Exercise: Retype the whole listing below exactly, keeping every picture out of it.

Material provided:
▬▬▬▬▬▬

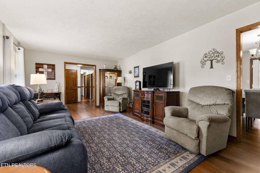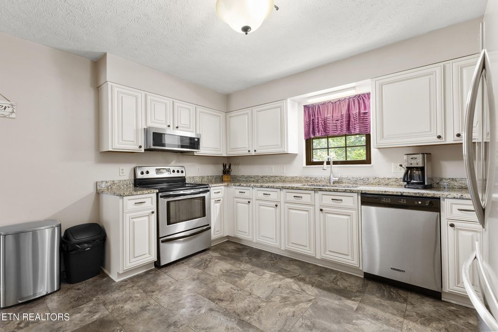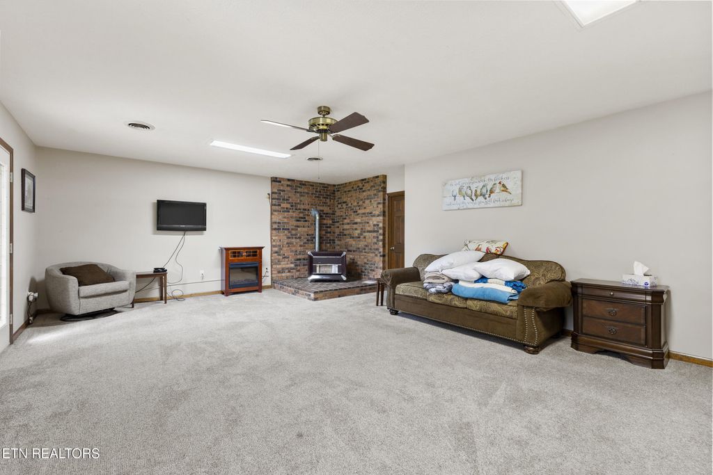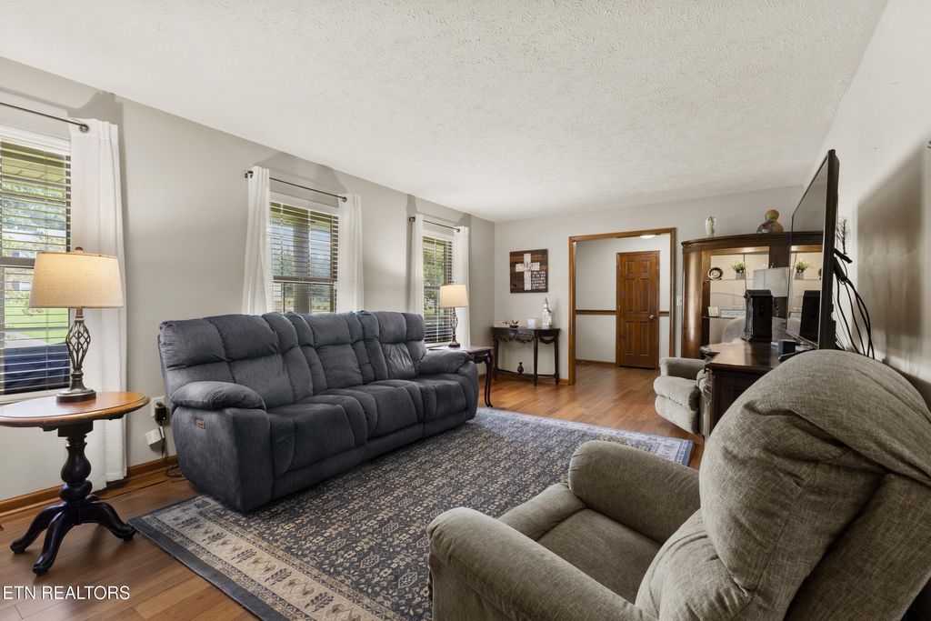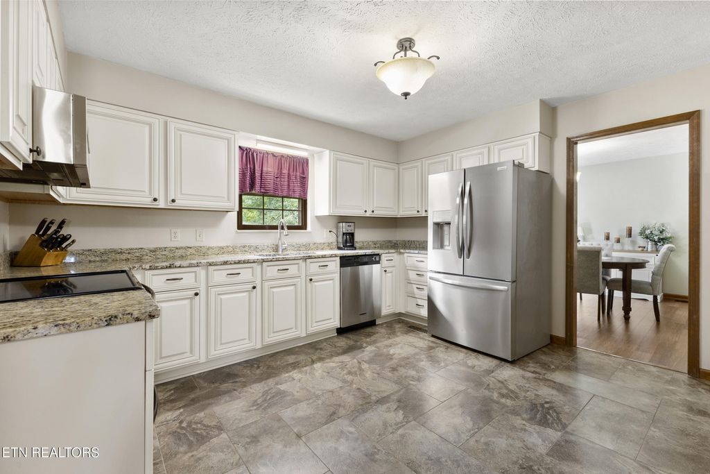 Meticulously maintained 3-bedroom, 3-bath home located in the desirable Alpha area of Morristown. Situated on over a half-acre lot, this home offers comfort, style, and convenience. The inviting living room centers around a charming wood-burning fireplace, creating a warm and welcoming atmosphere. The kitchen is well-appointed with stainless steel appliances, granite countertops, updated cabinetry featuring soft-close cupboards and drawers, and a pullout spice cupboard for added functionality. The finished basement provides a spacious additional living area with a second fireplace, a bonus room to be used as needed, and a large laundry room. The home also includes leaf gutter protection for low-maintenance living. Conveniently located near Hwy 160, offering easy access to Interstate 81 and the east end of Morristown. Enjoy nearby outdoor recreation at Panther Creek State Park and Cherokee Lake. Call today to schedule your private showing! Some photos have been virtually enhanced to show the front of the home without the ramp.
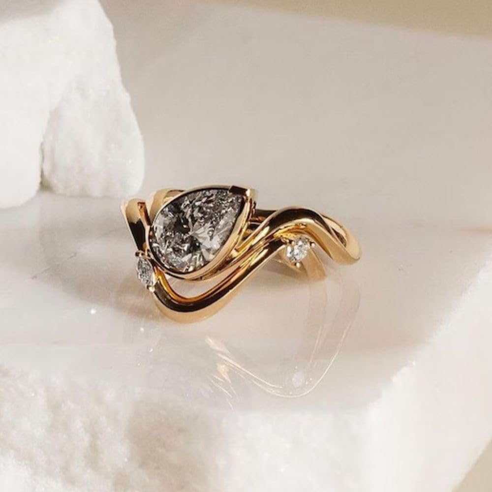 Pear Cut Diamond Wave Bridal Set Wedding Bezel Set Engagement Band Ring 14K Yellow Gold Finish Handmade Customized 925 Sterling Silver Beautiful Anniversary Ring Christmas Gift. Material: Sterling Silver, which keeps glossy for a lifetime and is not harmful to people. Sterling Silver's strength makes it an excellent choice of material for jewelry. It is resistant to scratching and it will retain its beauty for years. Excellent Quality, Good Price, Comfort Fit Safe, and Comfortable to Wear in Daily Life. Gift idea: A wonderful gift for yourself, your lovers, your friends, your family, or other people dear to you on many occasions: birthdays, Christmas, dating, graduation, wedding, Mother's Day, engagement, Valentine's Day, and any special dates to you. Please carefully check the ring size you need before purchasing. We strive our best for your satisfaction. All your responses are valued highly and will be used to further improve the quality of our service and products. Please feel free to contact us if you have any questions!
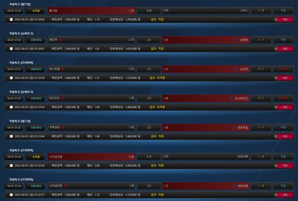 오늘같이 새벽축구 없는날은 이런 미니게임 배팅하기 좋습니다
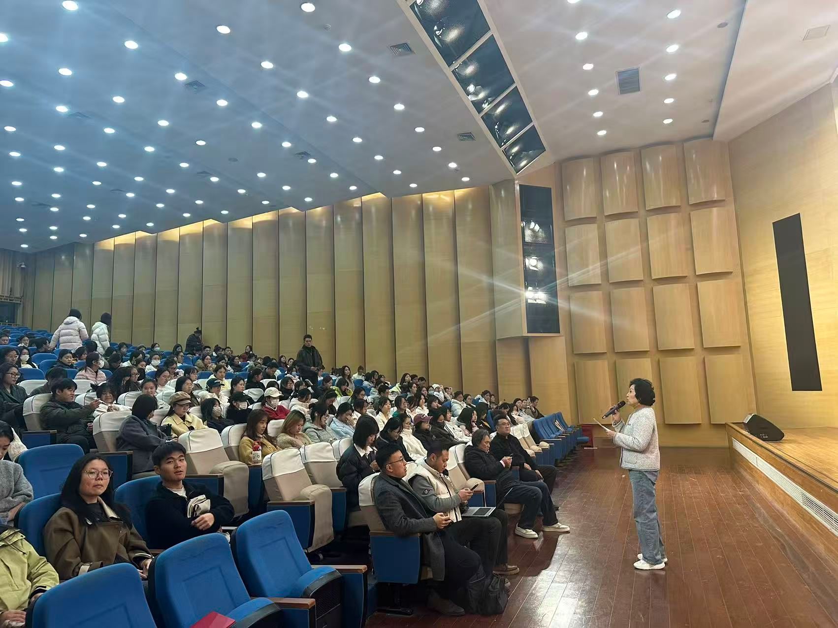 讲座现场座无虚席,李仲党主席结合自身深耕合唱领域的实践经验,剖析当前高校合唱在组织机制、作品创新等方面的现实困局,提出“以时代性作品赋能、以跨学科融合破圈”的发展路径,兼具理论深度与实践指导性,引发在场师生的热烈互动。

▬▬▬▬▬▬

Answer:
 Meticulously maintained 3-bedroom, 3-bath home located in the desirable Alpha area of Morristown. Situated on over a half-acre lot, this home offers comfort, style, and convenience. The inviting living room centers around a charming wood-burning fireplace, creating a warm and welcoming atmosphere. The kitchen is well-appointed with stainless steel appliances, granite countertops, updated cabinetry featuring soft-close cupboards and drawers, and a pullout spice cupboard for added functionality. The finished basement provides a spacious additional living area with a second fireplace, a bonus room to be used as needed, and a large laundry room. The home also includes leaf gutter protection for low-maintenance living. Conveniently located near Hwy 160, offering easy access to Interstate 81 and the east end of Morristown. Enjoy nearby outdoor recreation at Panther Creek State Park and Cherokee Lake. Call today to schedule your private showing! Some photos have been virtually enhanced to show the front of the home without the ramp.
 Pear Cut Diamond Wave Bridal Set Wedding Bezel Set Engagement Band Ring 14K Yellow Gold Finish Handmade Customized 925 Sterling Silver Beautiful Anniversary Ring Christmas Gift. Material: Sterling Silver, which keeps glossy for a lifetime and is not harmful to people. Sterling Silver's strength makes it an excellent choice of material for jewelry. It is resistant to scratching and it will retain its beauty for years. Excellent Quality, Good Price, Comfort Fit Safe, and Comfortable to Wear in Daily Life. Gift idea: A wonderful gift for yourself, your lovers, your friends, your family, or other people dear to you on many occasions: birthdays, Christmas, dating, graduation, wedding, Mother's Day, engagement, Valentine's Day, and any special dates to you. Please carefully check the ring size you need before purchasing. We strive our best for your satisfaction. All your responses are valued highly and will be used to further improve the quality of our service and products. Please feel free to contact us if you have any questions!
 오늘같이 새벽축구 없는날은 이런 미니게임 배팅하기 좋습니다
 讲座现场座无虚席,李仲党主席结合自身深耕合唱领域的实践经验,剖析当前高校合唱在组织机制、作品创新等方面的现实困局,提出“以时代性作品赋能、以跨学科融合破圈”的发展路径,兼具理论深度与实践指导性,引发在场师生的热烈互动。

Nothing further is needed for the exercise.